I need a disclaimer, I am not supporting the dismantling of state programs for regulation of industry or wealth redistribution, or for anything else that is useful to human beings.  Rather if we believe, as many are saying that “we are seeing the ending of a 400-year-old economic system” (a meme circulating on Facebook), we ought to be thinking about and preparing for the future want for coming generations.

 

 

 

*1) The state itself is the real fiction; legal capacity is the necessary vehicle for asserting a right to respect for autonomy, or the concept that allows us to demand respect for autonomy, within a state legal system.

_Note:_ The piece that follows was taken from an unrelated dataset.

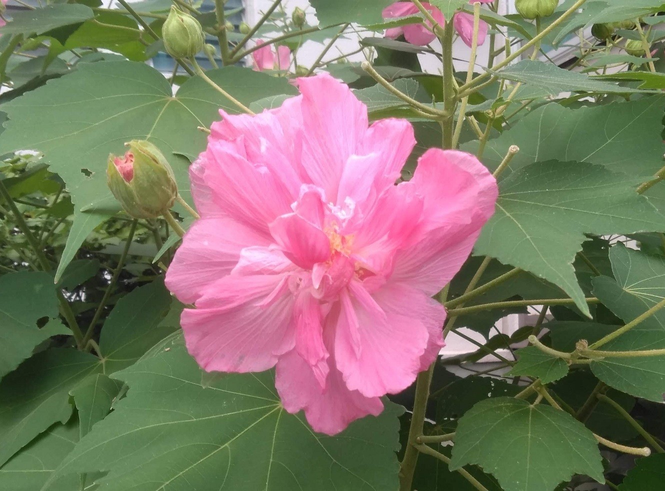 ●酔芙蓉(すいふよう):我が団地内にて8月27日の13時22分に撮影しました。原産地は中国、日本。朝方は白色→徐々にピンク色→夕方には萎んでしまう。2010年には、13時53分撮影の写真を載せましたが、今回の方が良く撮れています。

2) Interdependence if invoked as lip-service to justify the support paradigm with the understanding that some of us are more “interdependent” than others reinscribes domination by making it impossible to name different experiences in relation to power.  In a material sense we are all interdependent, we are all born from a mother and the human species still reproduces sexually.  We eat food and are eaten in turn when we die.  But the problem with the concept of interdependence as a solution to the opposition of independence and dependence is that it fails to distinguish consciousness and self-awareness, independence as organism seeking its own sustenance, survival, and comfort, from self-sufficiency and quasi-divine self-creation, which we may also participate in or aspire to, but which does not distinguish one person from another or constitute a basis for hierarchy, rather relating more to ego and pride.